Positive Women’s Network – USA Statement on World AIDS Day 2015

Dec 1, 2015 – Just four days ago, an atrocious act of terror was perpetrated against Planned Parenthood, an essential source of healthcare for working and low-income women, men and young people in the US. As women living with HIV who have benefited from the healthcare and education services provided by Planned Parenthood, we condemn this brutal violence. We grieve for the loved ones of Jennifer Markosky, Ke’Arre Stewart and Garrett Swasey. And we mourn the devastation of women’s sense of safety, bodily autonomy, and threats to well-being for healthcare providers committed to delivering woman-centered care.

As women living with HIV, many of us have used and still depend on the vital health care services Planned Parenthood provides, including access to HIV testing, screening for sexually transmitted infections, pap smears, and the means to determine if, when and how we have children. We will continue to fight for these services.

Make no mistake. Attacks on Planned Parenthood are assaults on women’s rights to health, dignity, and self-determination.

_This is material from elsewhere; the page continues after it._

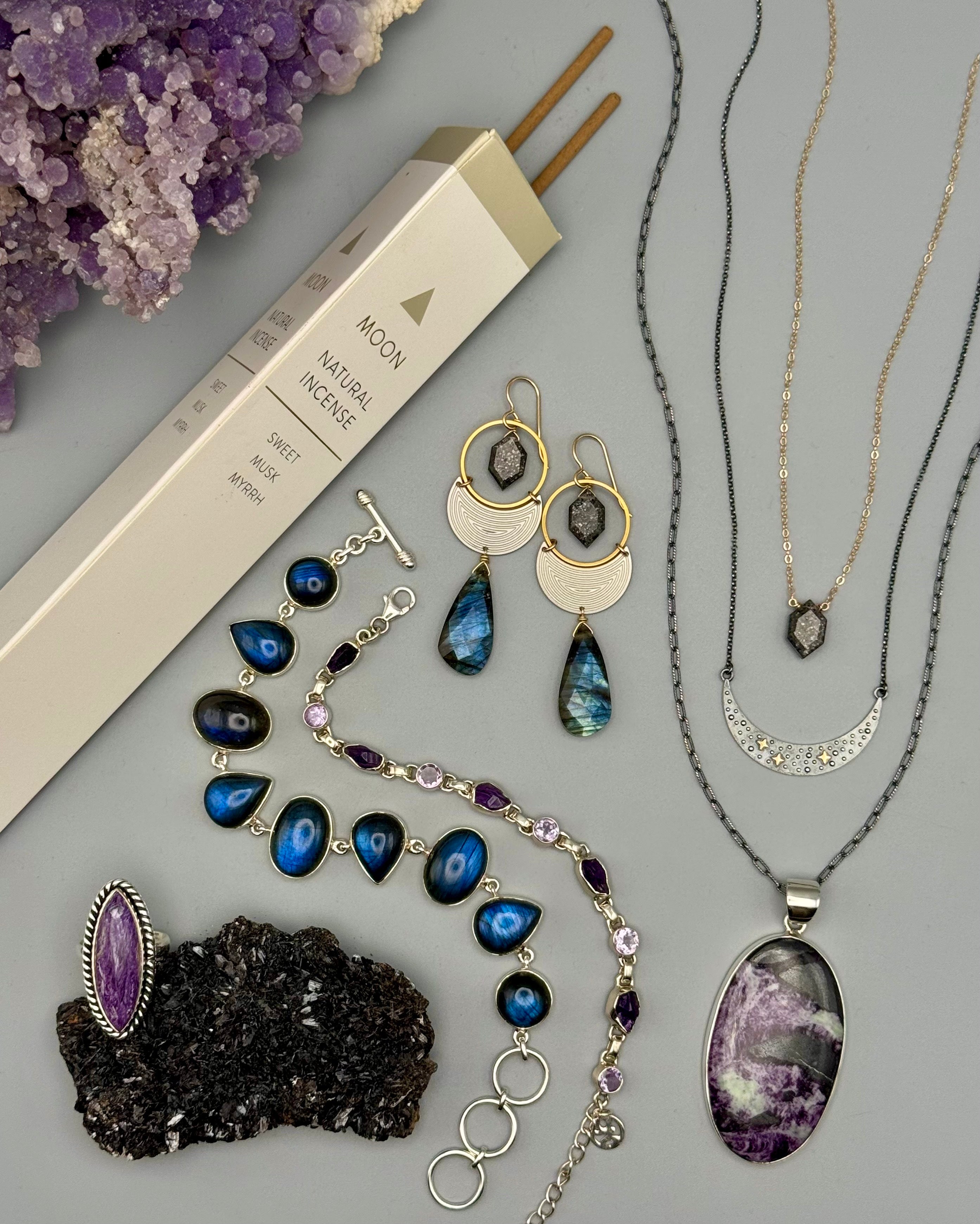 •STRAY• faceted rainbow moonstone lil' hex + silver necklace (various lengths)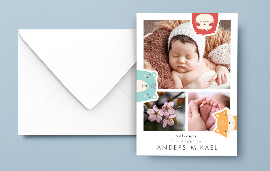 Ett stort urval av olika layouts och designs gör det enklare att göra ditt eget vikta kort. Våra designs har olika teman, fester, bildstorlekar, hälsningar, ramar, färger... Du kan få texten förtryckt på kortet eller så kan du skriva in texten för hand, till exempel din egen signatur på ett tackkort eller inbjudan.

While brutal violence like the recent incident in Colorado is typically met with condemnation by leaders of all political stripes, a large number of elected officials have waged a relentless war on Planned Parenthood specifically and women’s health more generally in recent years. The growing movement to deny essential healthcare to working and low-income women—accompanied by simultaneous and persistent efforts to decimate programs critical for working and low-income families – including food stamps, Medicaid, and paid parental leave — marks a deep disdain for women. These leaders would not only deny us the right to make decisions about whether, when and under which circumstances to have children – they also seek to deny the support that makes having and sustaining families a feasible reality.

A new study shows that states with higher funding for social services have much lower rates of HIV incidence and of AIDS deaths—signaling that, if the U.S. is serious about “getting to zero,” we have to be willing to challenge the reactionary idea that the working classes and the poor fare better when forced to “pull themselves up by their bootstraps.”

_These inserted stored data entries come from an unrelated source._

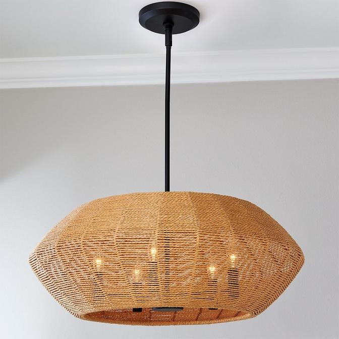 Bring nature with a contemporary twist into your space with the exquisite Organic Modern Rattan Chandelier. This striking piece features a pronounced rattan shade encircling a cluster of lights to provide optimal illumination for your space. Suitable for areas such as kitchens and living rooms, this fixture will add effortless elegance to your home.
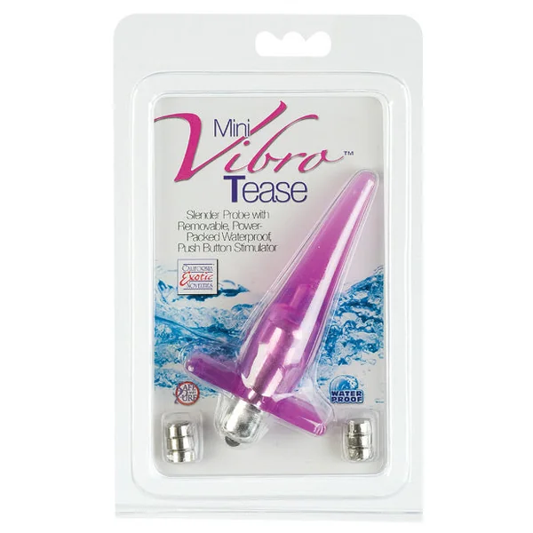 The Mini Vibro Tease from Cal Exotics is a slender probe with removable, power-packed, push button stimulator. Batteries included (3 watch, 6 included). 4″ x 1″.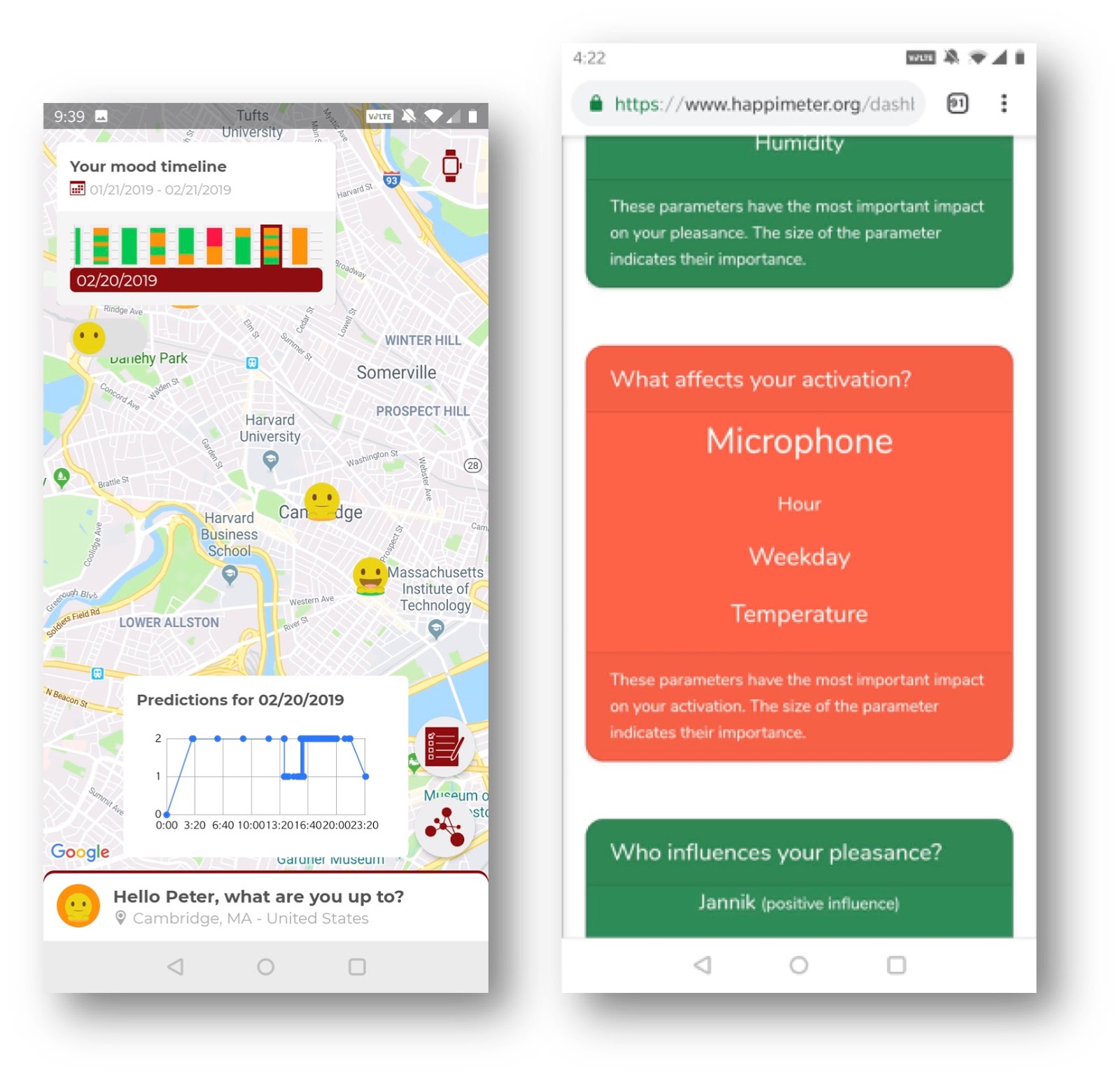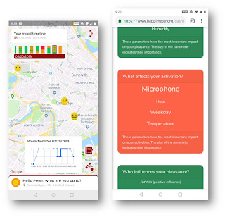 The Social Compass also allows an individual to track the location of their emotional experiences such as how happy the individual has been at a particular day, and where on the map that happiness was measured on that day. The picture below shows a screenshot of my Happimeter Android phone app on February 20, 2019. In addition, the social compass also shows which variables have influenced my happiness, and who has positively or negatively influenced it. Finally, the same virtual mirroring information can also be shown on the Happimeter smartwatch, this function is also used to improve the machine learning accuracy of the emotion prediction of the wearer of the smartwatch.

We must also be willing to challenge the rhetoric espoused by those who call themselves “pro-life” while tacitly or explicitly encouraging hatred, dehumanization of women, and violence. As women living with HIV, we know all too well the power of language to affirm or to dehumanize; to show respect or to stigmatize and criminalize. Hostility toward sex education, sexuality and reproductive rights is detrimental to us all—yet is evidenced by the fact that our government released a National HIV/AIDS Strategy in which the word “reproductive” does not even appear.

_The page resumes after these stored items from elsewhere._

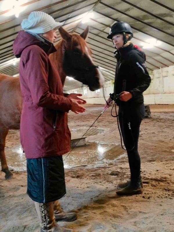 - Live Zoom-session fra ridebanen – med bluetooth-headset og telefon kan vi arbejde direkte med dig og din hest i træningsøjeblikket.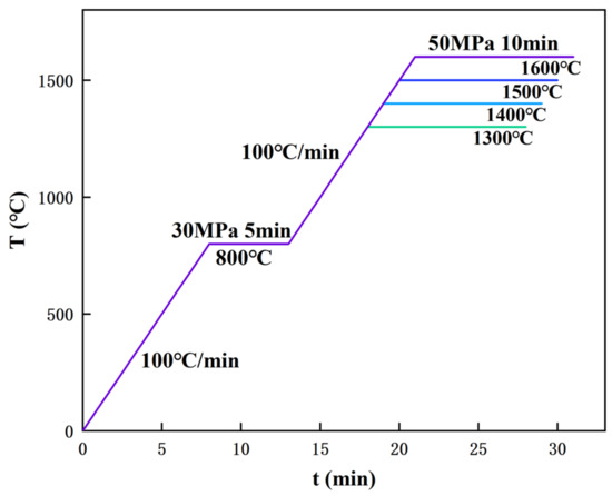 Diffusion bonding is carried out under a vacuum condition with a vacuum level of 10 Pa. In the present study, the applied temperature for vacuum diffusion bonding was in the range of 1300–1600 °C. Figure 3 shows the sintering parameters for diffusion welding of the ODS-W/TZC connector, and the sintering procedure is described as follows. The sample underwent heating at a heating rate of 100 °C/min until the temperature reached 800 °C, and the temperature was maintained at 800 °C for a period of 5 min. After that, the temperature continued to increase at the same heating rate of 100 °C/min until the desired temperature was reached, and the desired temperature was maintained for an additional 10 min. Then, the specimen was cooled down to room temperature in the smelter. The starting pressure was set to 10 MPa, gradually increasing to 30 MPa when the temperature fixed at 800 °C. The pressure then further elevated to 50 MPa when the final desired temperature was maintained.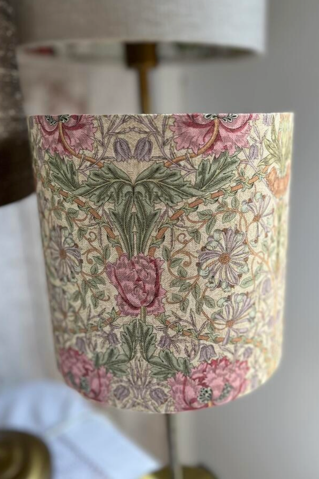 Celebrate timeless design with the William Morris Floral Drum Lampshade. Handmade from 100% cotton in soft pinks and greens on a cream background, this shade brings heritage charm into any interior.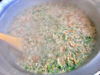 中段の写真は、かす汁に青ねぎを加えて煮て、仕上げているところです。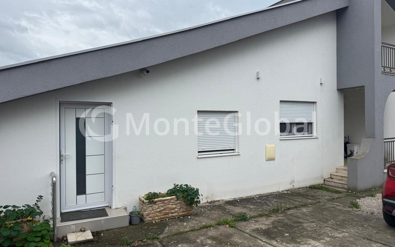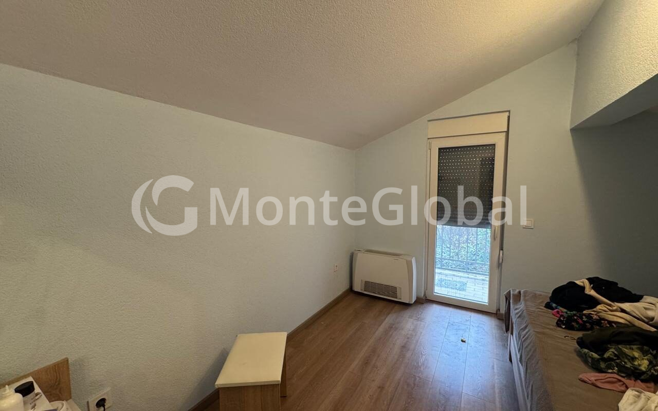 On the ground floor there is an entrance hall, three bedrooms, a kitchen-dining room and a bathroom. An internal staircase leads to the attic, where there is an office, a bathroom and a bedroom.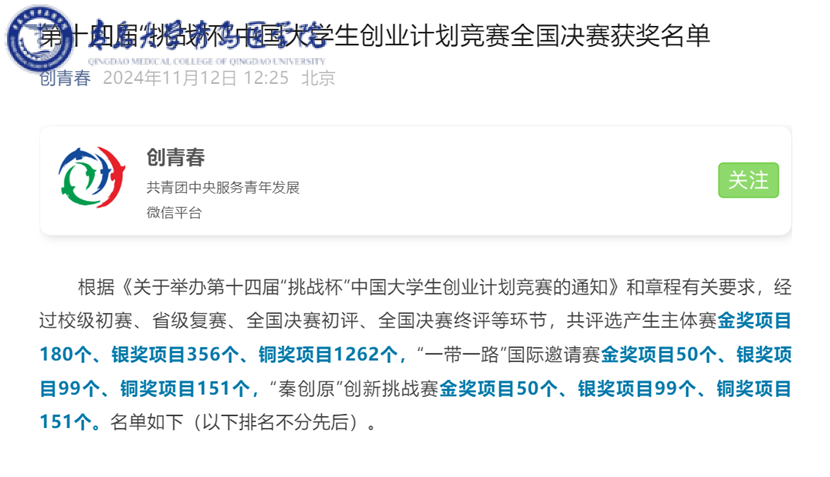“挑战杯”中国大学生创业计划竞赛每两年一届,已成为覆盖全国所有高校、面向全体高校学生、影响最大的赛事活动之一,本届大赛由共青团中央、教育部、人力资源社会保障部、中国科协、全国学联、陕西省人民政府等单位共同主办,西安交通大学、共青团陕西省人民政府承办。自2024年6月国赛启动以来,吸引了来自全国2700余所高校的300多万名学生参与,累计提交了39万余个创新创业项目。青岛大学青岛医学院在本届大赛中的出色表现,展示了我院在学科建设和人才培养方面的深厚积淀,充分体现了广大青医学子的创新精神和实践能力。未来,青岛医学院将继续以各类创新创业竞赛为重要抓手,鼓励支持有潜力的项目实现落地转化,培养拔尖创新医学人才,为推动青大医学的高质量发展作出更大的贡献。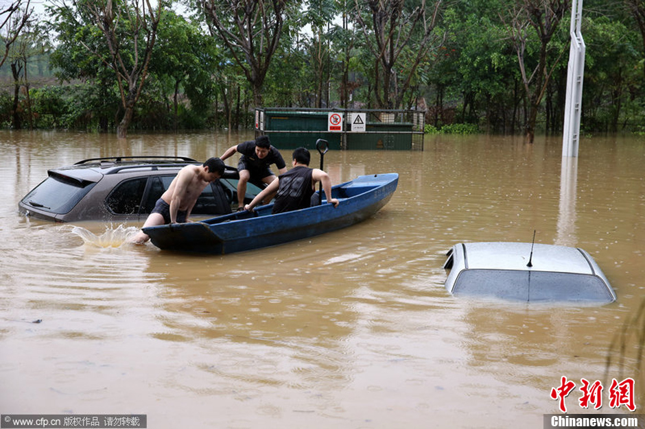 广东东莞暴雨后内涝严重 宝马车被困积水中20小时

Women living with HIV—like all women—deserve access to affordable healthcare including the full spectrum of sexual and reproductive services–and yes, abortion and contraception services–that meet all of our health and family planning needs. Since the beginning of the epidemic, the sexual and reproductive needs and desires of women living with HIV have been ignored and dismissed by those in power. On this World AIDS Day 2015, we must take a stand to assert that women with HIV deserve not only life-saving medications, but the right to self-determination—and the full spectrum of healthcare services and options to make that right a reality.